Israeli and Palestinian negotiators will enter a final day of ceasefire talks in Cairo on Wednesday, as the clock ticks towards a 12 a.m. deadline ending a 72-hour truce.
By that time, the negotiators must have either agreed on a permanent truce, accepted an extension or risk a resumption of more than a month of bloody fighting.
“There has been progress, but not enough to sign an agreement; the negotiations will resume tomorrow (Wednesday),” a member of the Palestinian delegation told AFP late on Tuesday, without giving further details.
As on previous days, the Israeli team returned home after talks, for likely consultations with their government.
As Gaza’s residents ventured out into the quiet to try to piece together their battered lives, negotiators held a second round of indirect talks Tuesday aimed at finding a durable end to the five-week confrontation.
But officials said there was still a way to go to agree an end to the conflict, which erupted on July 8.
“The negotiations are difficult and grueling,” a Palestinian official had said of Monday’s opening talks, which lasted almost 10 hours and which were described as “serious.”
And early on Tuesday, an Israeli official had played down the chances of success.
“The gaps are still very wide. There has not been progress in the negotiations,” he told AFP.
The teams gather in separate rooms at the headquarters of the Egyptian General Intelligence and never see each other, with mediators shuttling between them with proposals and counter-proposals, a source said.
Hamas wants Israel to lift the blockade it imposed on Gaza in 2006 before it will stop rocket attacks. Israel has said it will only facilitate Gaza’s reconstruction if the enclave is fully disarmed.
In Istanbul, a coalition of pro-Palestinian activists said they would send a flotilla of blockade-busting ships to Gaza by the end of 2014, four years after a similar attempt ended in bloodshed when Israel staged a deadly raid in an attempt to stop it.
In a sign that Israeli Prime Minister Benjamin Netanyahu faced domestic political battles to sell any deal to his fractious coalition, he called off a planned meeting of his security cabinet on Tuesday.
Instead, he invited key ministers, mainly hawks, for private meetings, Israeli media reported.
Poised to Resume Fire
Egypt brokered the three-day truce which took effect at 12:01 a.m. on Monday, and has urged the warring sides to make every effort to reach “a comprehensive and permanent ceasefire.”
Efforts to extend a similar 72-hour lull last week collapsed when Hamas refused to hold its fire beyond the deadline, accusing Israel of rejecting a lifting of the blockade.
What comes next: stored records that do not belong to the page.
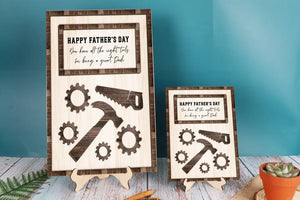 Personalized Happy Father's Day 2 Layered Wooded Sign, Dad Tools Plaque, Gifts For Dad
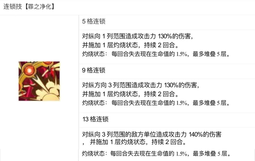 ・ 连锁技可进行纵向大范围攻击+造成灼烧效果
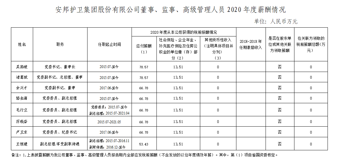 安邦护卫集团股份有限公司董事、监事、高级管理人员2020年度薪酬情况
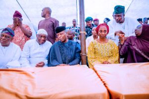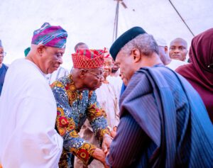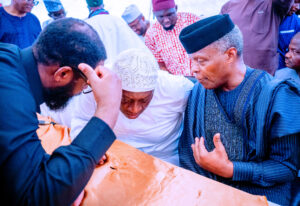 The VP joined dignitaries at the event including former President Olusegun Obasanjo and the former Governor of Ogun State, Chief Segun Osoba. The Deputy Governor of Ogun State, Engr Noimot Salako-Oyedele was also present as special prayers were observed after the burial.

Both sides said they were ready to resume hostilities if the talks failed again.
Finance Minister Yair Lapid told AFP earlier this week that he was pushing for an international conference on Gaza’s future that would involve regional players as well as Washington, the European Union, and Arab states such as Saudi Arabia.
“We think that Palestinian Authority president Mahmoud Abbas should take control of Gaza and be active in its reconstruction,” the minister told AFP.
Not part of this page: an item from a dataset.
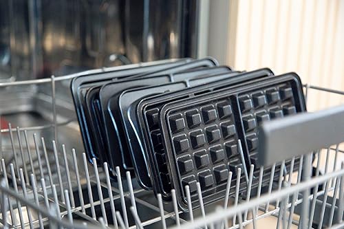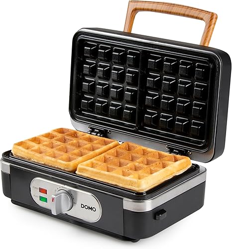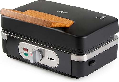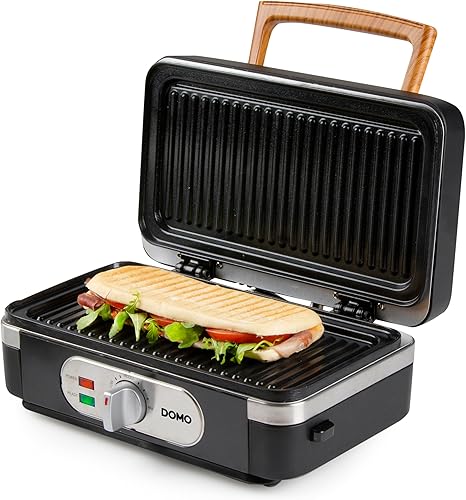 DOMO DO9278C Appareil multifonction 3 en 1 - Croque monsieur - Gaufrier - Gril contact - 1100 W - Design noir mat avec poignée en bois
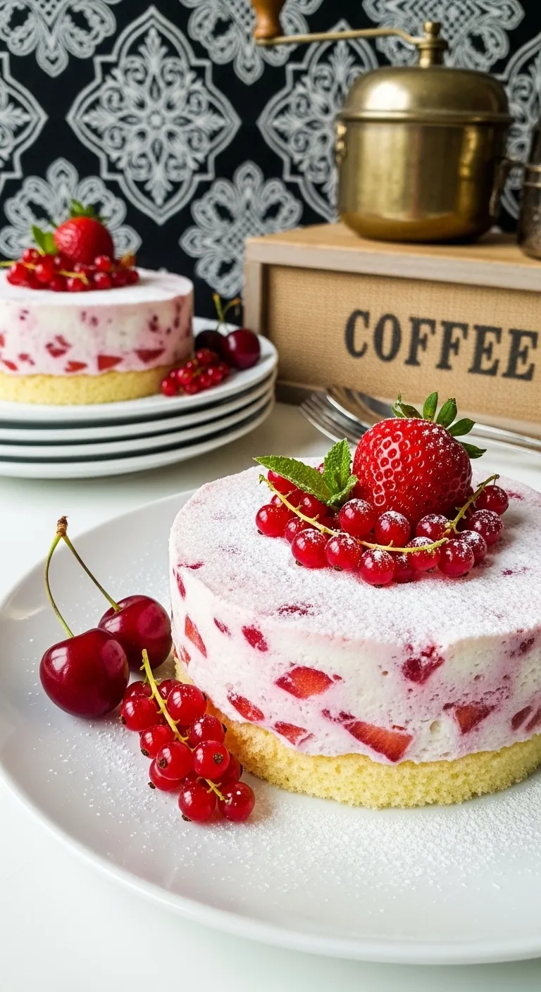 Two small round sponge cakes topped with a thick layer of pink berry mousse and fresh fruit.

Palestinian negotiators have expressed a willingness to see the PA assume responsibility for Gaza’s reconstruction and implement any deal signed in Cairo.
Israel has no direct dealings with Hamas.
Anger at UN Probe Team
Meanwhile, Israel lashed out after the UN Human Rights Council named experts who would be involved in an inquiry into its Gaza campaign, accusing commission leader, William Schabas, of having an anti-Israeli bias.
“This commission’s anti-Israeli conclusions have already been written, all it needs is a signature,” railed foreign ministry spokesman Yigal Palmor.
Schabas denies being anti-Israel.
Palestinian foreign minister Riyad al-Maliki said the UN probe would prove Israel committed war crimes and violated humanitarian law during its Gaza offensive.
“We are going to cooperate with this commission when it arrives in Palestine,” he said while visiting Caracas.